Ils se levèrent et attendirent le robot étincelant. Celui-ci déboucha du sentier et vint sur la plage pour leur faire face. Il les dévisagea tour à tour.
— Pour vous, les nouvelles sont mauvaises, dit-il finalement.
— Vous n’allez donc pas nous aider ? dit Jason.

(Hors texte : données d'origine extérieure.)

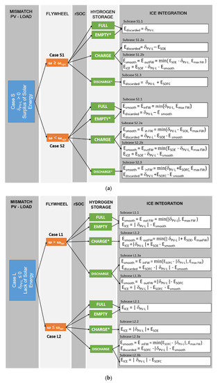 - Subcase S1.3 occurs in days of lack of surplus: when is positive, the bulk storage is not charged, and the rSOC just runs as fuel cell. Hence, the energy produced by the rSOC (ESOFC), minus the flywheel losses, is discarded. The flywheel is idle.
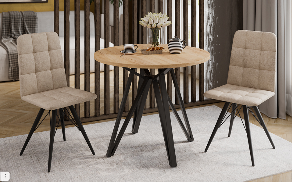 яяяСтол обеденный круглый нераздв.Ройс Тип 2 d900мм h750мм ДУБ КРАФТ золотой+опора черный муар*1
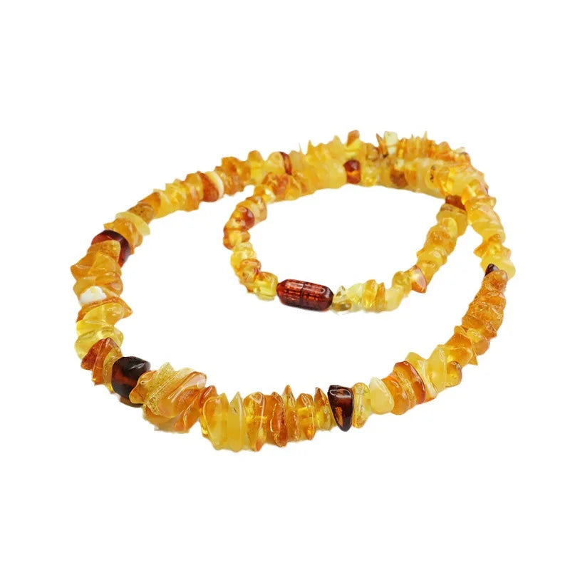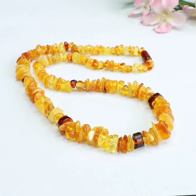 Avec des éléments d’environ 7 à 15 mm, le collier ambre pour femme offre un équilibre parfait entre finesse et visibilité. Il peut se porter seul pour un look élégant, ou associé à d’autres colliers pour un effet superposé plus moderne.
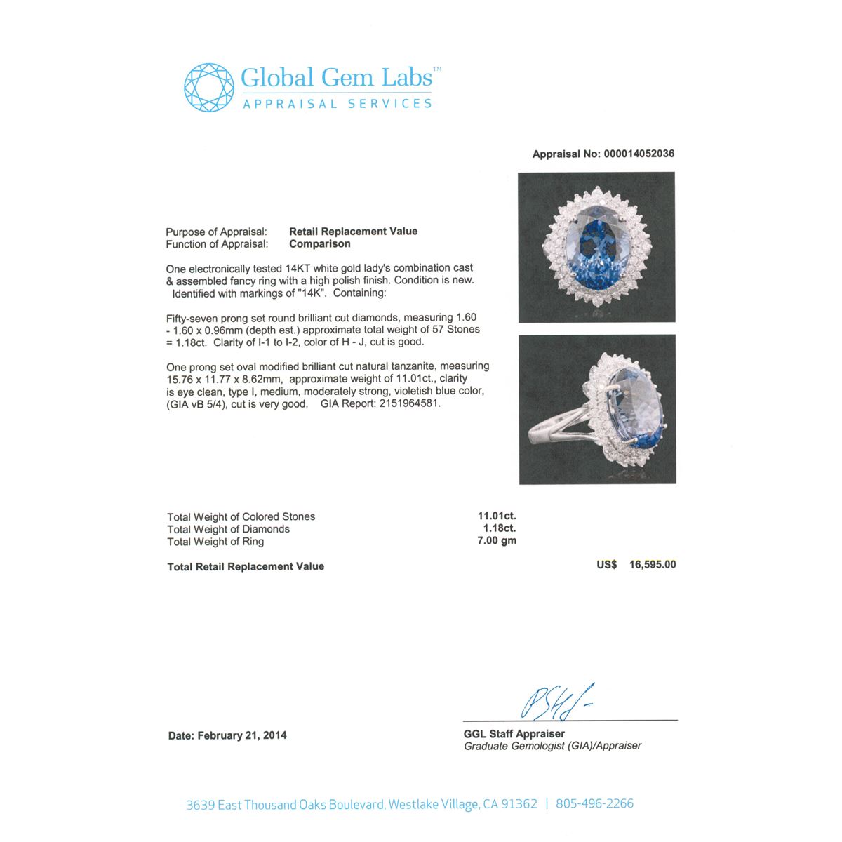 One electronically tested 14KT white gold Ladies combination cast & assembled fancy ring with a high polish finish. Condition is new. Identified with markings of "14K". Containing: Fifty-Seven prong set round brilliant cut diamonds, measuring 1.60 - 1.60 x 0.96mm (depth est.) approximate. Total Weight of 57 Stones = 1.18ct. Clarity: I-1 to I-2. Color: H - J, Cut is Good. One prong set oval modified brilliant cut natural tanzanite, measuring 15.76 x 11.77 x 8.62mm, approximate weight of 11.01ct., clarity is eye clean, type I, medium, moderately strong, violetish blue color, (GIA vB 5/4), cut is very good. GIA Report: 2151964581.Total Weight of Colored Stones 11.01ct. Total Weight of Diamonds 1.18ct. Total Weight of Ring 7.00 grams. GGL Appraised at $16,595.00.
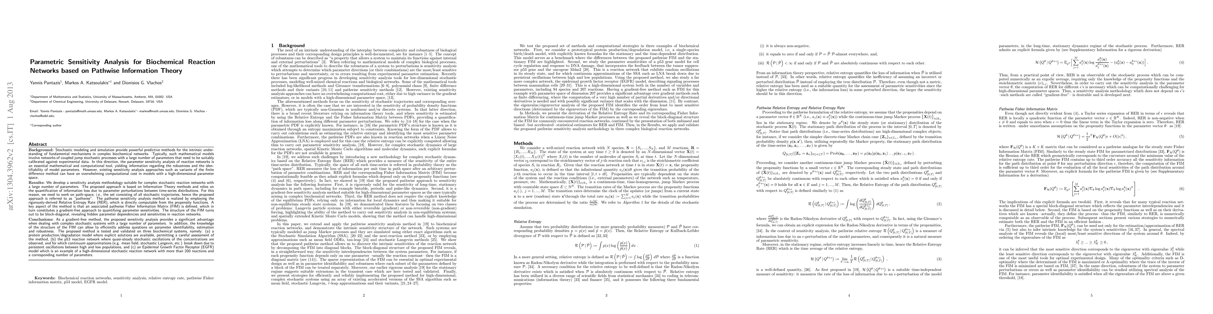 This paper develops a novel pathwise sensitivity analysis methodology for complex biochemical reaction networks using Information Theory. The proposed approach leverages the Relative Entropy Rate and a pathwise Fisher Information Matrix to efficiently quantify parameter sensitivities without relying on gradient computations, thus addressing the high computational cost of traditional methods.
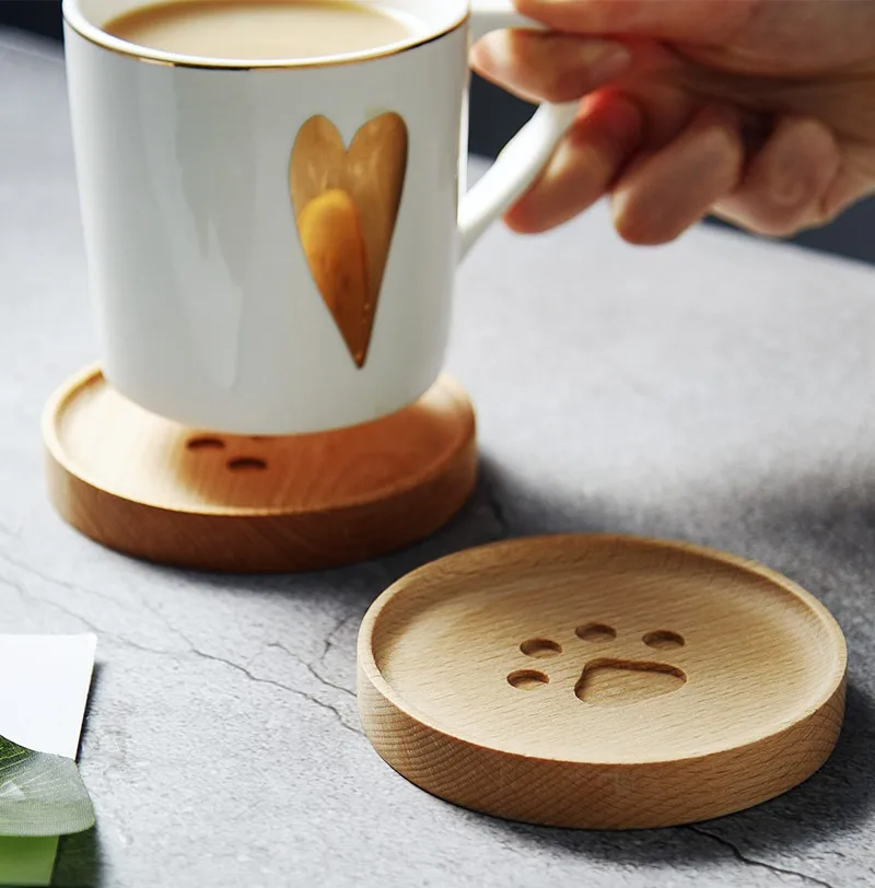 1 шт., милая чашка, подставка под кружку, деревянная подставка для напитков, маленький круглый стол, обеденный стол, столовые приборы, деревянные кухонные гаджеты, аксессуары для стола
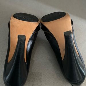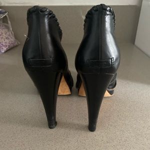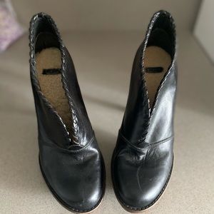 Ugg Black Leather BOOTIES. Like New. Size 7. Small Platforms. Heels 4.75”. Excellent Condition.
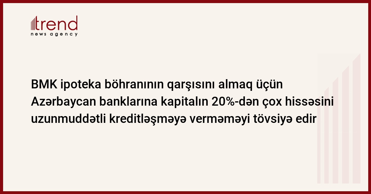 Bu arada ABŞ-da baş verən ipoteka böhranı səbəbindən, beynəlxalq maliyyə bazarlarını bürüyən problemdən qaçmaq üçün ,Azərbaycan bankları ümumi kapitalın yalnız 20%-ə qədərini uzunmüddətli kreditləşməyə yönəldə bilərlər. Belə bir məhdudiyyətin mühümlüyü xarici maliyyələşmənin ipoteka kreditlərinə nisbətən, qısa müddətə cəlb edilməsi ilə izah olunur. Yalnız bu halda qısamüddətli əmanətlərin bu hissəsi sabit hesab oluna bilər, qalan 80%-in hesabına uzunmüddətli kreditlər üzrə riskləri sığortalmaq olar. Bununla yanaşı, banklar üçün yenidən maliyyələşmə böyük əhəmiyyət daşıyır və yenidən maliyyələşmənin mexanizmləri hər bir ölkədə fərqlidir.
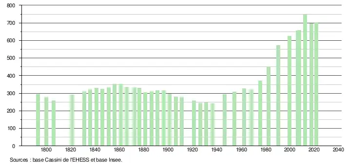L'évolution du nombre d'habitants est connue à travers les recensements de la population effectués dans la commune depuis 1793. Pour les communes de moins de 10 000 habitants, une enquête de recensement portant sur toute la population est réalisée tous les cinq ans, les populations légales des années intermédiaires étant quant à elles estimées par interpolation ou extrapolation[34]. Pour la commune, le premier recensement exhaustif entrant dans le cadre du nouveau dispositif a été réalisé en 2007[35].
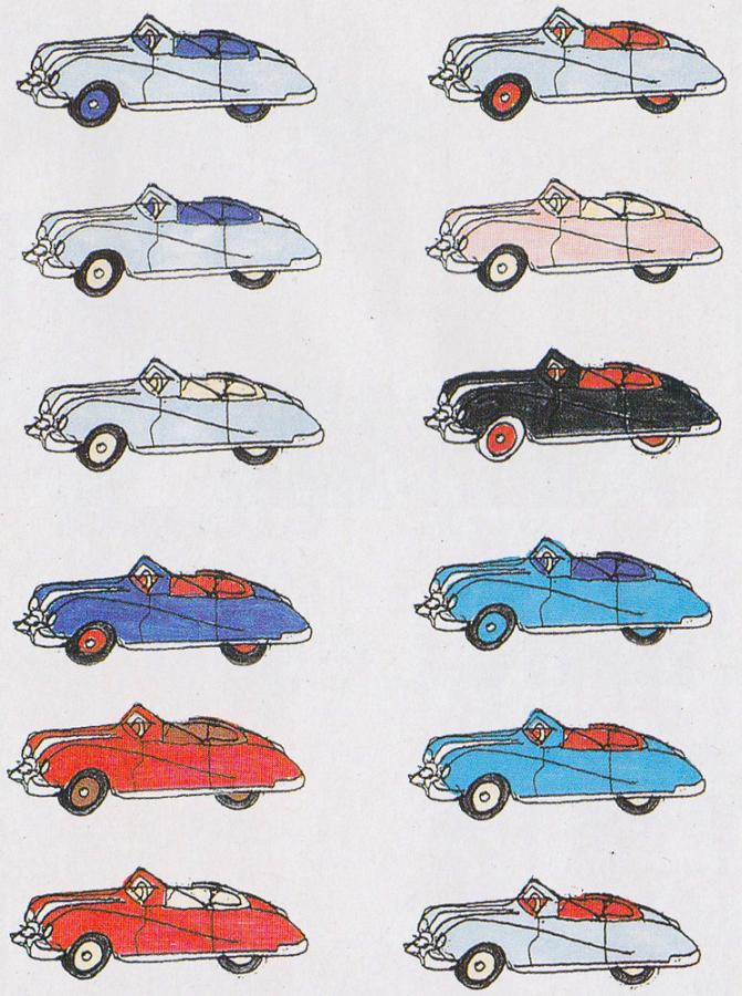 Dinky Toys 140a Austin Atlantic rare colour variations in book Collection Gérard Dulin with variation 8, 9 and 10 of the colour scheme.
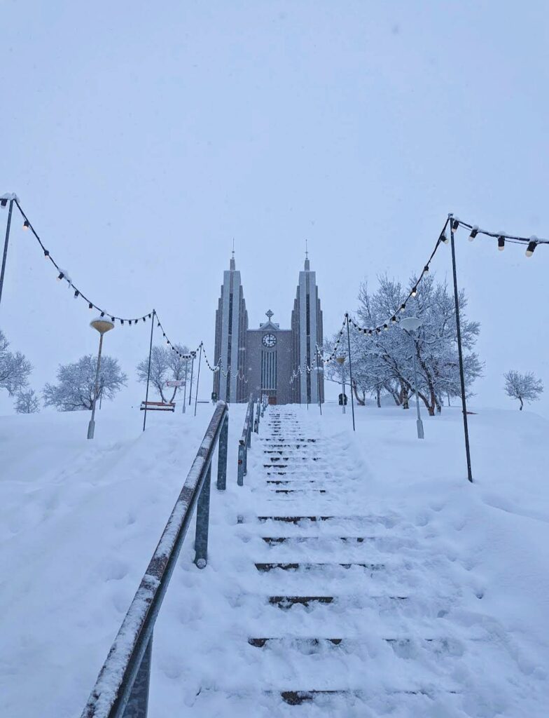 En Akureyri viven alrededor de 18.000 personas, y se ubica justo al final del fiordo. Al igual que en Reikiavik, el atractivo más famoso es su iglesia, Akureyrakirkja, que, de hecho, fue diseñada por el mismo arquitecto. Fue construido en 1940 en lo alto de una colina, lo que hace que sea visible desde casi cualquier punto de la ciudad que esté un poco abierto. Lo más característico es su órgano, de 3.200 tubos.
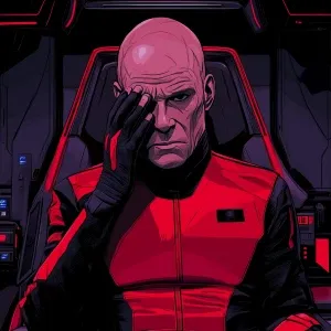 «A muscular man with a stern expression stands in the center of t...»
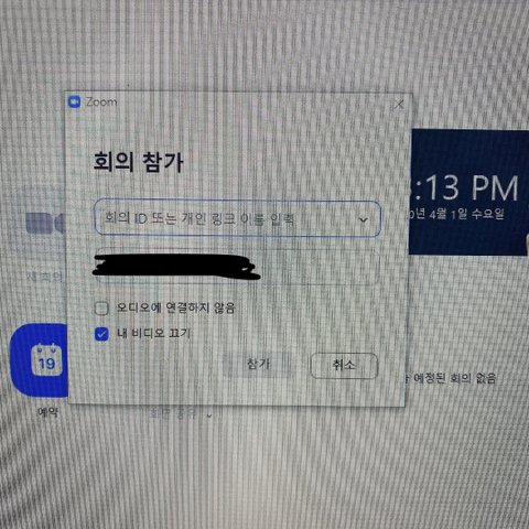 이런창이떠 가린건 내이름이야! 저기 회의ID라고 되어있는곳에 쌤이나 학교에서 보내주는 아이디를 입력하고 참가를 누르면돼 저 밑에 있는 오디오에 머시기랑,내 비디오 끄기는 딱히 신경안써도돼! 어차피 회의참가해서도 설정바꿀수있어!!
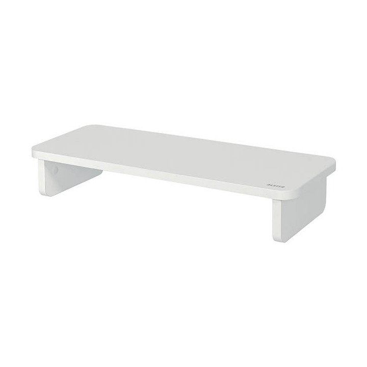 Support écran Ergo blanc. Ce support ergonomique surélève votre écran afin d'augmenter votre confort visuel et d'améliorer votre posture. L'espace de rangement situé sous le support mesure 47,9 x 21,0 x 8,4 cm (LxPxH) pour un clavier d'une largeur maximale de 47 cm. Il est compatible avec les écrans jusqu'à 24" et peut supporter un poids maximal de 20 kg. Livré à plat, il est facile et rapide à assembler. Dimensions : 56 x 21 x 10 cm. Garantie 2 ans.
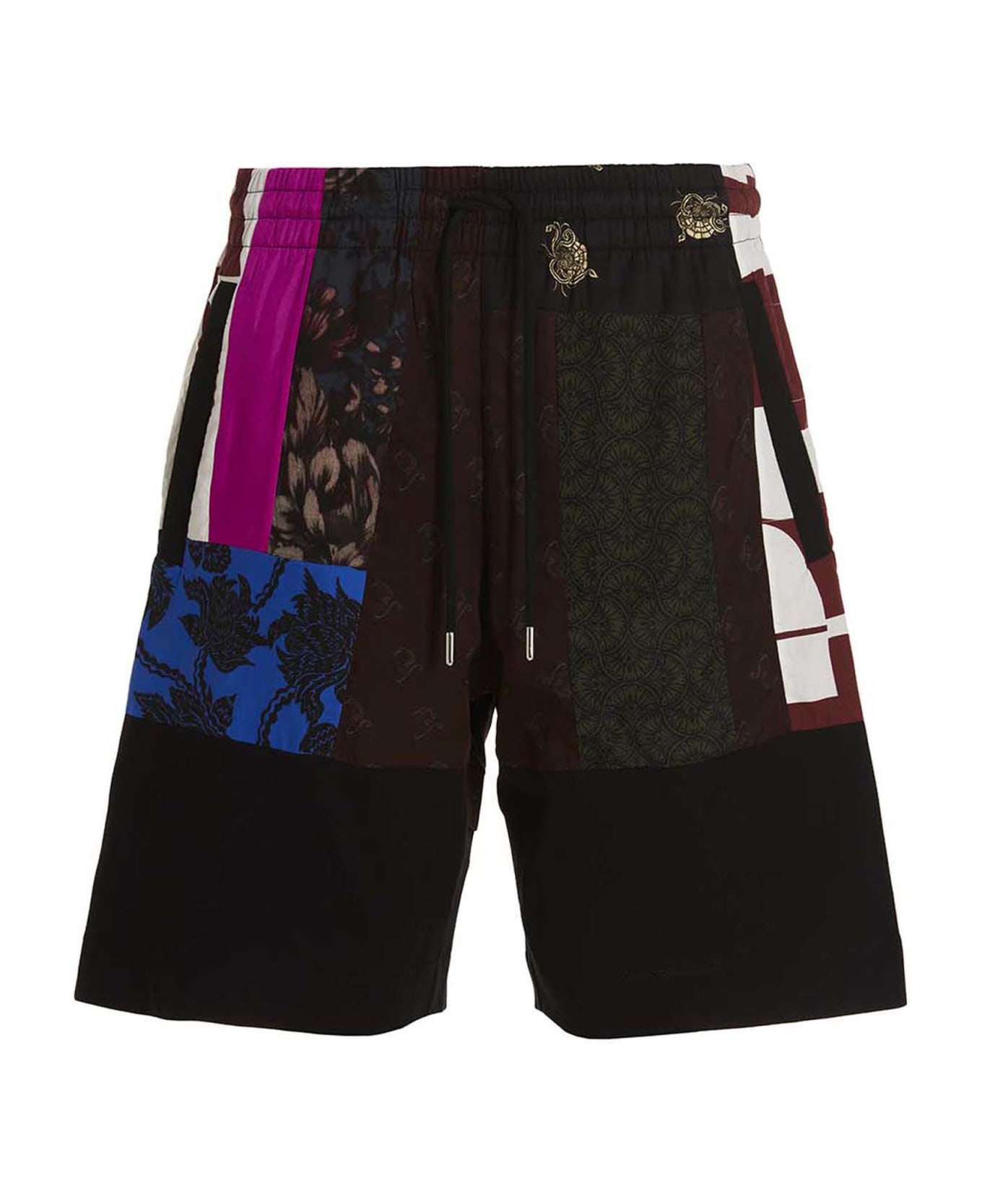 'Herick multicolor patchwork fabric bermuda shorts with an elastic and drawstring at the waist, pockets.
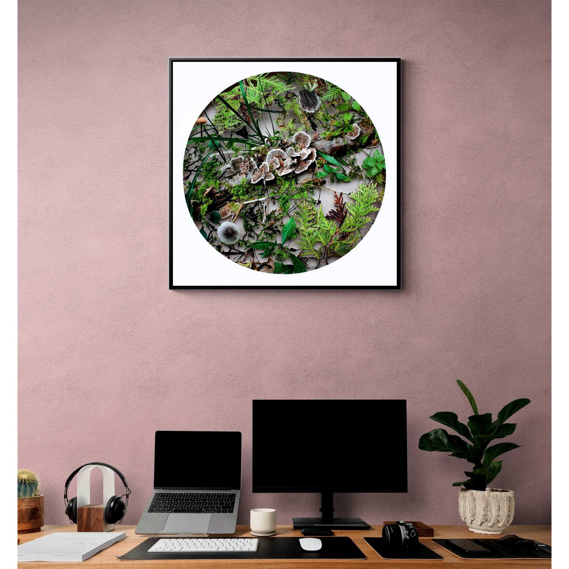 • Custom wood frame with D-rings for installation.
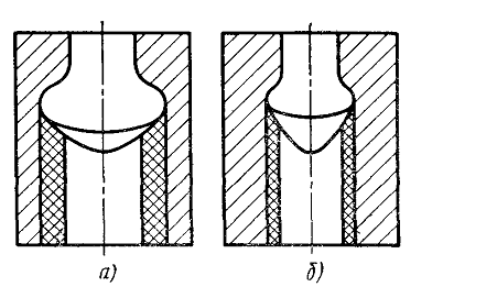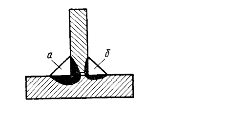 Для снижения доли основного металла в металле шва дуговую сварку среднеуглеродистых сталей, как правило, ведут с разделкой кромок на режимах, обеспечивающих минимальное проплавление основного металла и максимальное значение коэффициента формы шва. Для иллюстрации сказанного на рис. 3 показаны угловые швы, сваренные под флюсом на режимах, типичных для сварки низкоуглеродистой (а) и среднеуглеродистой (б) стали.

— Je suis sincèrement désolé, répondit le robot. Mon désir personnel serait de coopérer avec vous autant que nous le pourrions, mais nous avons construit le Projet, c’est l’un d’entre nous, le plus grand d’entre nous – je devrais peut-être dire (il fit un signe vers Nuage Rouge) notre chef, et nous devons donc nous conformer à son jugement. Car cela n’aurait pas de sens de créer un chef si nous ne lui faisions pas confiance et si nous ne le suivions pas.
— Mais sur quelles bases a-t-il pris sa décision ? s’enquit Jason. Est-ce parce que vous ne nous faites pas confiance ? Ou parce qu’à votre avis le problème est moins important que nous ne l’avons dit ?
Stanley secoua la tête :
— Aucune de ces raisons n’est la bonne, dit-il.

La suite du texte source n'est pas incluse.